The problem
Only the lines from the first line of the data through the line containing "Smiry Luxury Chenille" belong in the answer, transcribed exactly; pictures do not.

Collection entries
-*-
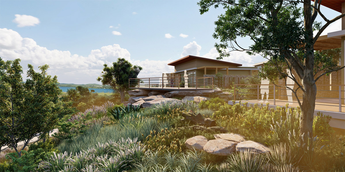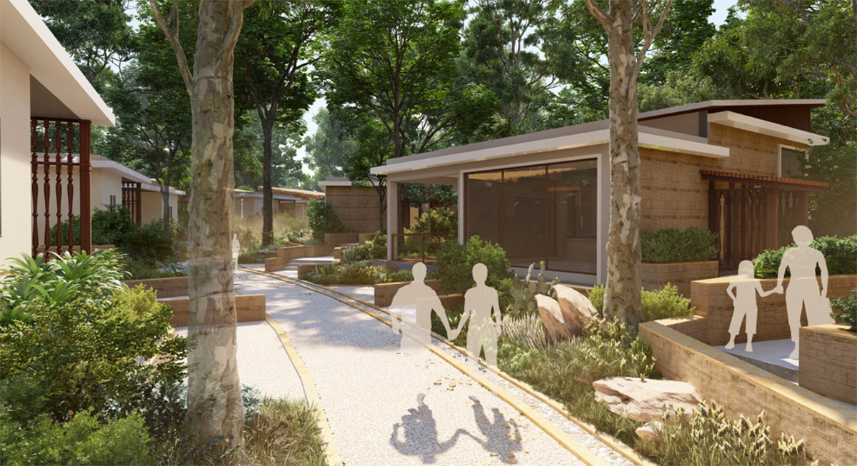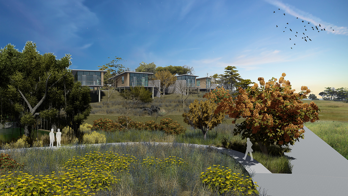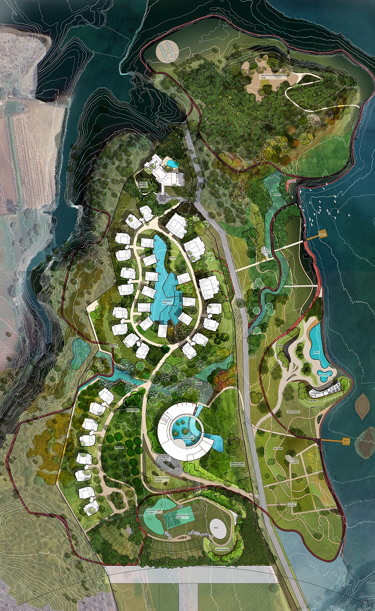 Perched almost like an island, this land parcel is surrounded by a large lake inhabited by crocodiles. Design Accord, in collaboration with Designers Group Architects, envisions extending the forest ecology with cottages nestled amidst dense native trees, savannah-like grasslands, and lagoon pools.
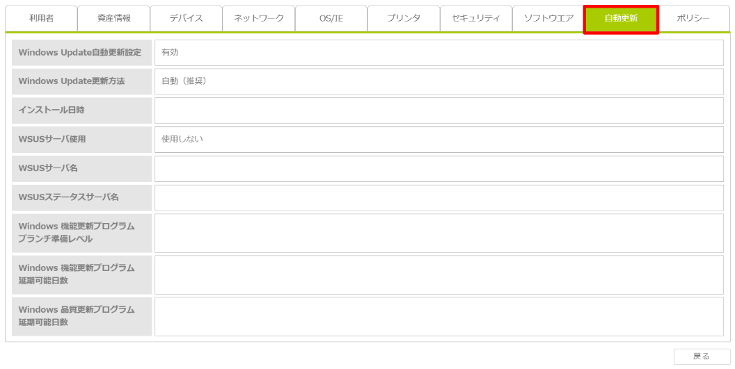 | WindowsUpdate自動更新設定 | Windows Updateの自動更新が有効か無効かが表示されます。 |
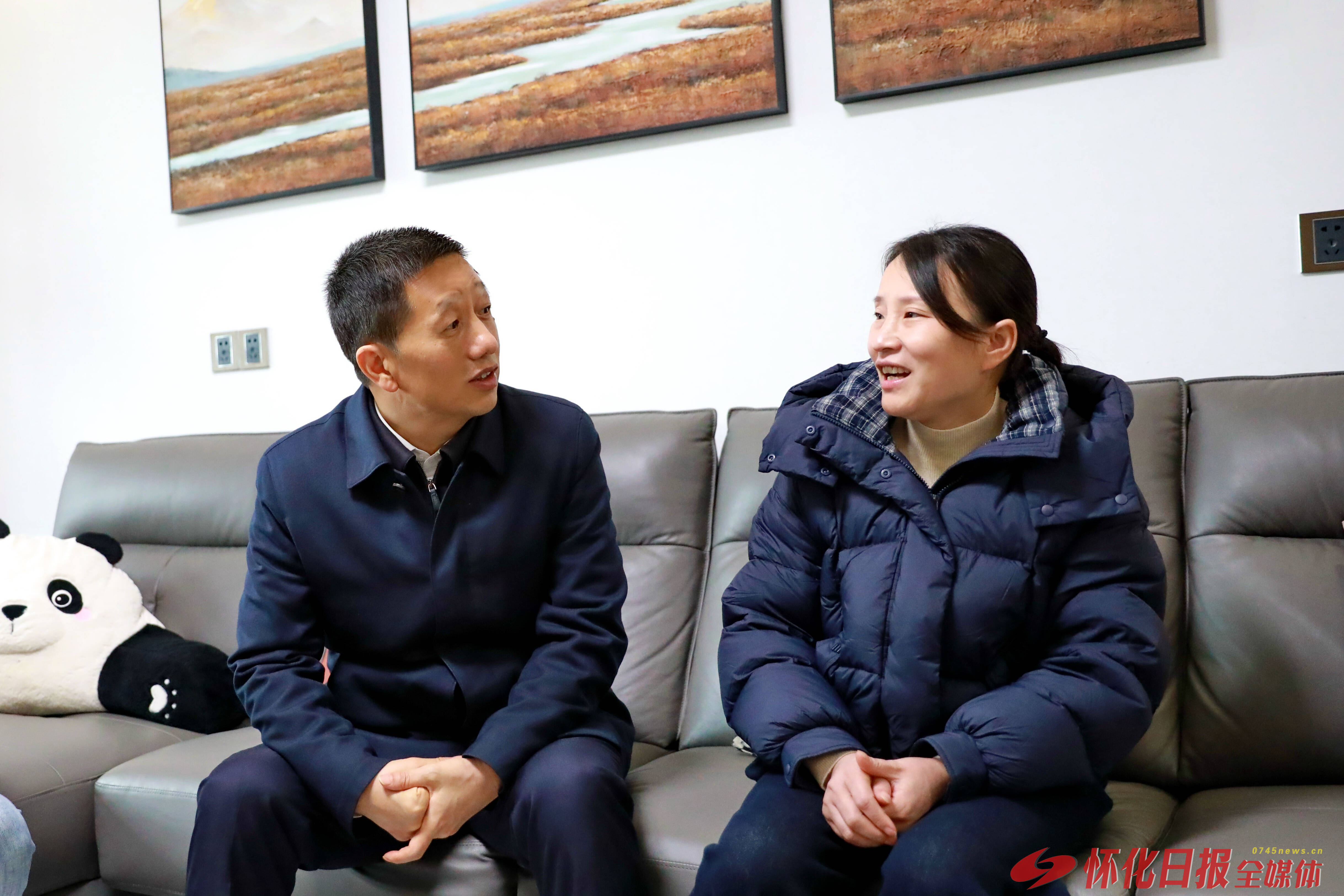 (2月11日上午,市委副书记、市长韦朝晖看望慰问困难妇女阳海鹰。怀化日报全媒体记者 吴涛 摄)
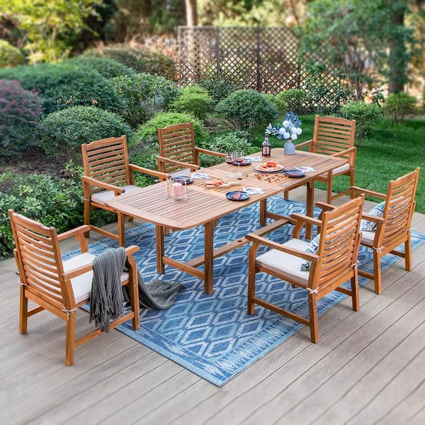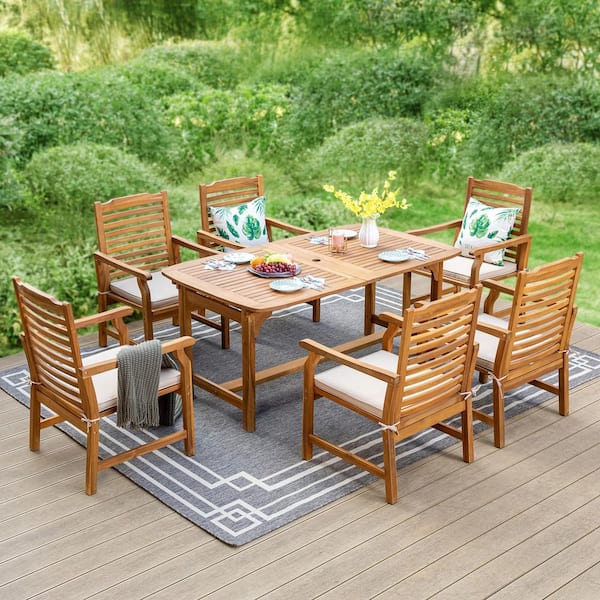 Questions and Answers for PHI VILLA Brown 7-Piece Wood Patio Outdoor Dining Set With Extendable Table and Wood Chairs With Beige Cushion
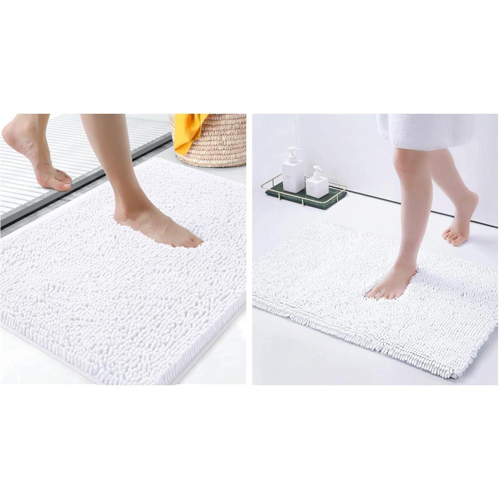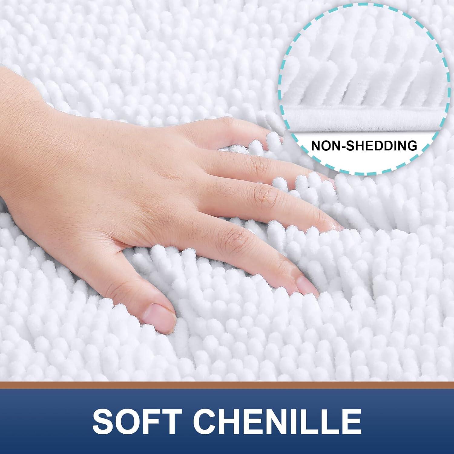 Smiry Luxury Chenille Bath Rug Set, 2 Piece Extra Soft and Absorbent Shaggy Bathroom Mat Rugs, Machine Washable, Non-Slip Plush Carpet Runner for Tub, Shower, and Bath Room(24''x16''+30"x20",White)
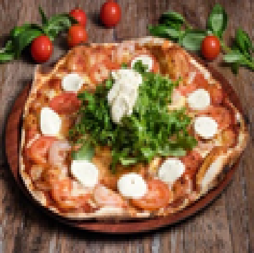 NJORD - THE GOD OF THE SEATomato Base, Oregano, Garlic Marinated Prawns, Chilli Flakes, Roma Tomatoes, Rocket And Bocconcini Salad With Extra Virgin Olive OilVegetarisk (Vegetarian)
-*-
Solution for this exercise
 Perched almost like an island, this land parcel is surrounded by a large lake inhabited by crocodiles. Design Accord, in collaboration with Designers Group Architects, envisions extending the forest ecology with cottages nestled amidst dense native trees, savannah-like grasslands, and lagoon pools.
 | WindowsUpdate自動更新設定 | Windows Updateの自動更新が有効か無効かが表示されます。 |
 (2月11日上午,市委副书记、市长韦朝晖看望慰问困难妇女阳海鹰。怀化日报全媒体记者 吴涛 摄)
 Questions and Answers for PHI VILLA Brown 7-Piece Wood Patio Outdoor Dining Set With Extendable Table and Wood Chairs With Beige Cushion
 Smiry Luxury Chenille Bath Rug Set, 2 Piece Extra Soft and Absorbent Shaggy Bathroom Mat Rugs, Machine Washable, Non-Slip Plush Carpet Runner for Tub, Shower, and Bath Room(24''x16''+30"x20",White)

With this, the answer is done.